The team was nearly as successful on the NHRA tour in 1986 as Bunny won the Keystone Nationals as well as the NHRA Division II season title. She finished a strong 4th in NHRA national points to go along with her IHRA championship and her Keystone National Event win is still the only Alcohol Funny Car win ever by a female driver.

After a split with her partner in 1988 Bunny and her team spent most of the next decade match racing with only an occasional foray into national event competition. An incident on Labor Day in 1995 nearly brought, not only her career, but also her life to an end. Bunny was racing Carl Ruth at Beaver Springs Dragway in Beaver Springs, Pennsylvania when Carl crossed over into her lane at over 200 mph. He hit her in the rear end and sent her car careening over 100 feet into the woods.
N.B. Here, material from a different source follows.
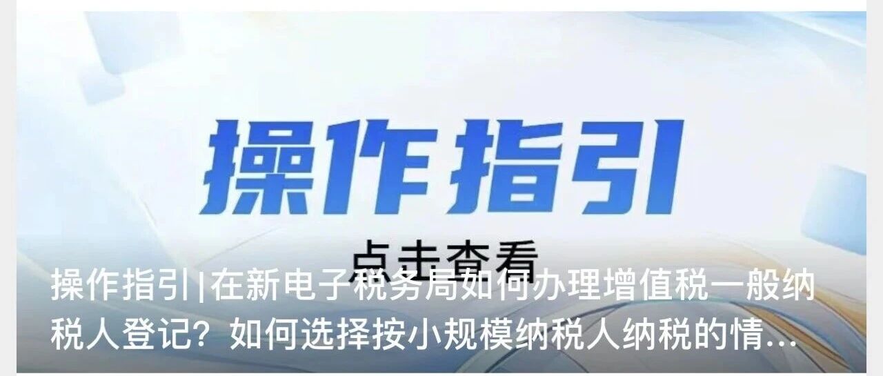 操作指引|在新电子税务局如何办理增值税一般纳税人登记?如何选择按小规模纳税人纳税的情况说明?

Bunny, who had to be resuscitated three times on the way to the hospital, spent over a week in intensive care. Her arms, legs, and portions of her vertebrae were broken. A year and a half later, however, she was racing again. Her first racetrack appearance was at Budds Creek where she match raced Damian Moore in Junior Dragsters. “I was never supposed to drive a Funny Car again," says Bunny. "But they never said I couldn't drive a Junior Dragster."

After she started walking again Bunny worked by booking funny cars for Nick Boninfante. She took her empty truck and trailer to the track and sold souvenirs from it to raise money for another race car. Although Mo was reluctant to see her race again he eventually relented. In the spring of 1997 she was released to drive after she successfully passed a blindfold test to prove that she still knew her way around a driver’s compartment. A 228 mile-per-hour pass showed that she could still find the finish line as well.

Since then the team has been grateful for every passing year and their ability to continue to compete. They have had to overcome many obstacles in recent years, both on and off the track, and their dedication has never wavered.

Having come this far Bunny is determined to complete her 40th season next year. What happens after that is yet to be decided but Bunny is convinced that she will still be out there in some form, either as a driver or car owner. Bunny has had to overcome many obstacles in her life and she has always done it with class and grace. There is no doubt that future chapters will be written in the same style.